Since then, the share price has risen to €18.50, with Glanbia plc worth almost €5.5bn. The co-op’s 36.5% of the plc is valued at €2bn. In the meantime, a 60% stake in GII – the Irish dairy ingredients business – has been purchased, while 31m plc shares have been spun out to co-op shareholders, worth €570m at today’s value.

Listen to “Glanbia shareholders discuss restructure proposal” on Spreaker.

It would seem that those who argued against the 2010 proposal to buy Dairy Ireland on the grounds that the timing and the price were wrong have been vindicated, and then some.

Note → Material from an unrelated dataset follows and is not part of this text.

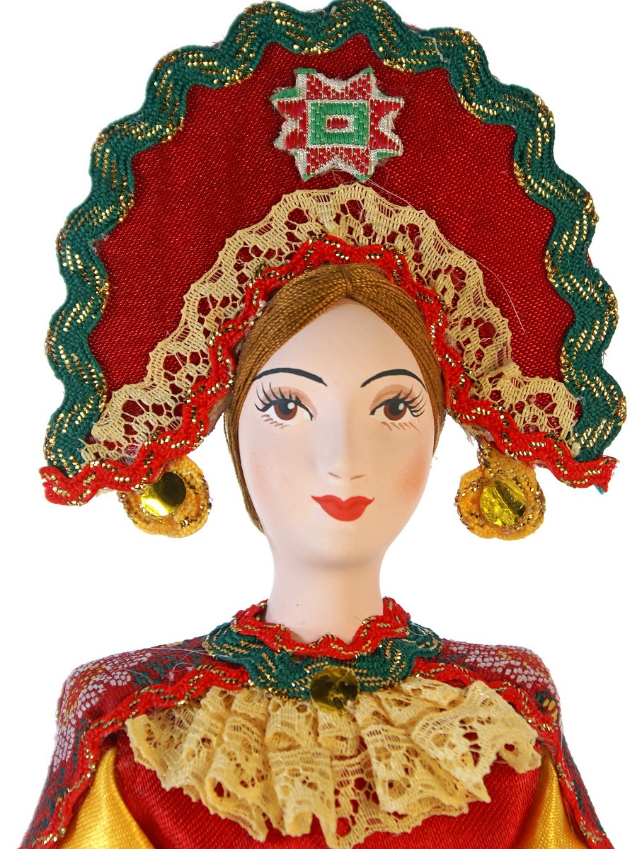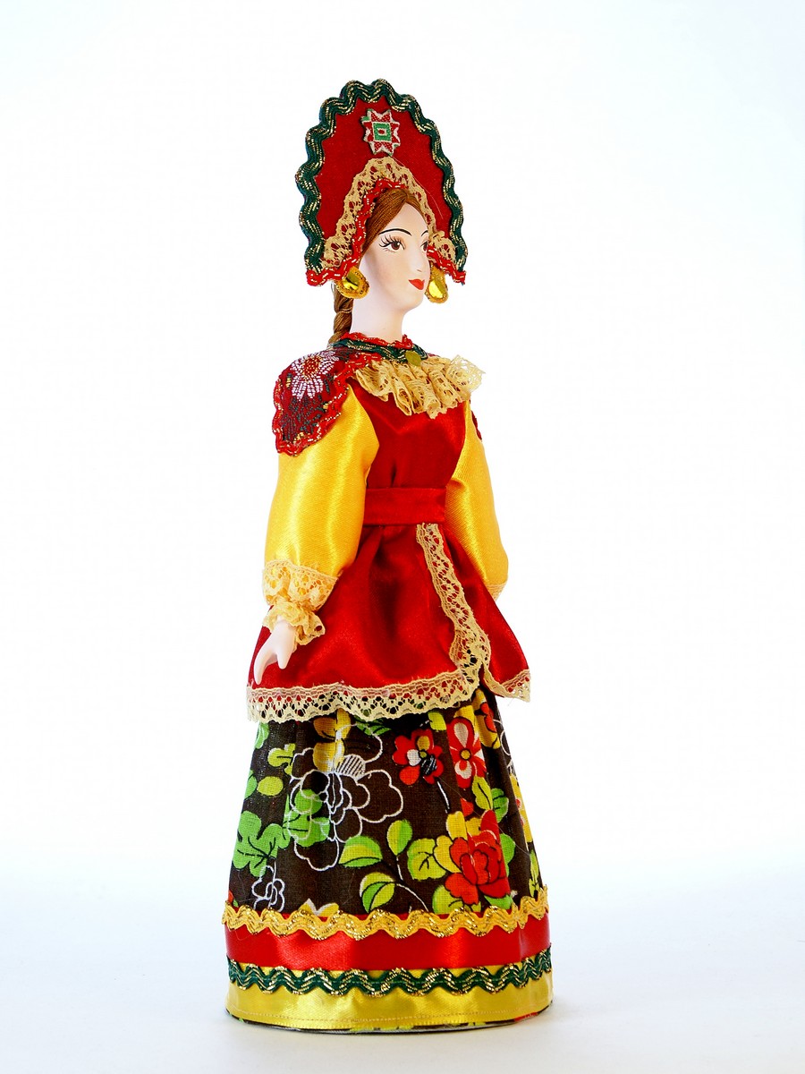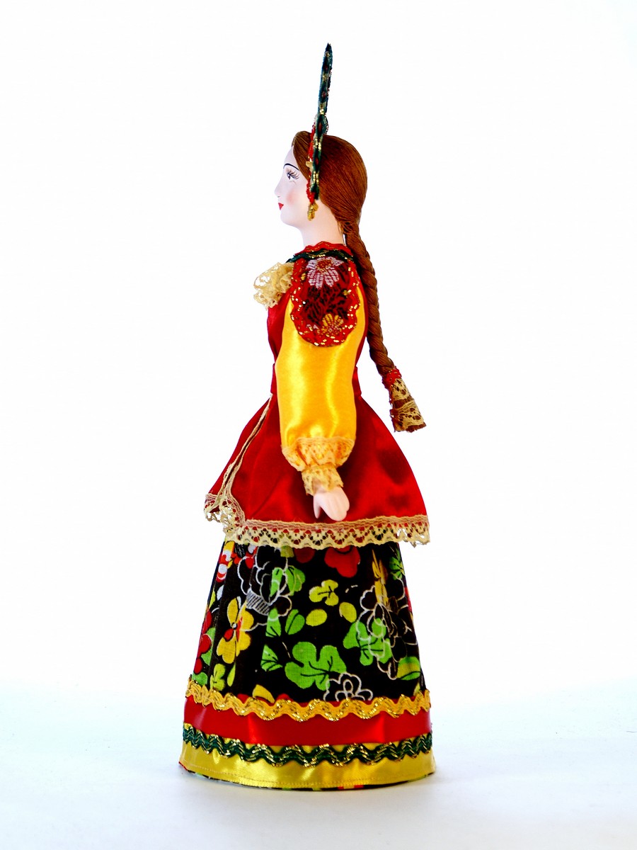 Кукла Потешного промысла в Девичьем праздничном костюме. Россия. Материал фарфор. текстиль. Высота 28 см. Артикул 0546.\n\n

Now, Glanbia co-op has the chance to take a 60% stake in the remaining Irish businesses, which would, with GII, create Glanbia Ireland – essentially Dairy Ireland, but as a co-op/plc joint venture.

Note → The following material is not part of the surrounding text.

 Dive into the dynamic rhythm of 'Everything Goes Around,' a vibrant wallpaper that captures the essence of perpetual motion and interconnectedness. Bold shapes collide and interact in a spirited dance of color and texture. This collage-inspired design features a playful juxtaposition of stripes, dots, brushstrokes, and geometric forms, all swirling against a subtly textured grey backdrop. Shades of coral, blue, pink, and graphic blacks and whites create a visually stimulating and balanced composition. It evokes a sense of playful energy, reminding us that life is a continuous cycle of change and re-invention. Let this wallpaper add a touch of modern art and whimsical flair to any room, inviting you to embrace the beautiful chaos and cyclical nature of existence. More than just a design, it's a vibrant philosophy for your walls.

Key aspects of the proposal

The cost

The co-op would pay €112m for the 60% stake. The purchase would be funded by the sale of 3% of the co-op’s shareholding of the plc – valued currently at €150m. The money left over (around €40m) would create a new solidarity fund to allow the co-op support shareholder producers. Is now the right time to cash in some Glanbia shares, or should the co-op hold on to them as they continue to rise in price?

What’s being gained?

Owning the majority of Glanbia Ireland means farmers have a direct stake, indeed a controlling one, in the business they do business with. That could be Belview or Ballyragget, the local store, the branded lines of cheese and milk, selling grain, buying feed or fertiliser. There are commitments around the profit expectations of Glanbia, and a permanent revenue stream will be set up from the new entity toward a solidarity fund, so farmers won’t have to asset – strip the co-op to support milk and grain price in future troughs.

What’s being lost?

Apart from the reduced shareholding, there is the loss of a further seat on the board in 2022. This means by then only six of the 14 co-op board will sit on the plc. This could be viewed two ways – it reduces the farmer influence on management, and makes it more likely that a co-op nominee will not chair the plc. Against that, a majority of the co-op board will no longer be constrained by fiduciary duties and can focus on the needs of co-op shareholders. It is likely all the co-op board will sit on the board of the Glanbia Ireland JV.

Listen to "Glanbia's proposal to shareholders" on Spreaker.

The strategy

This weds the co-op utterly to Glanbia plc. Is it a missed opportunity for the co-op to put some of its eggs in another basket? Against that, Glanbia plc has been the golden egg of Irish agribusiness for a decade now; why change a winning formula?

The dry shareholder

What of the co-op member who is not a dairy farmer? Most aren’t, and they might feel chips in a high-margin business are being cashed to buy a lower-margin division of the same company. When put like that, it sounds like a bad buy, but Glanbia management’s strategy has grown the company, and the value of co-op shares, eightfold since 2010. Is now the right time to make a purchase?

The spin-out

The linked proposal to share €100m of the co-op’s wealth among the shareholders through the spin-out of 2% of plc shares is going to tempt all but the most sceptical. It’s hard to turn down money – even your own money.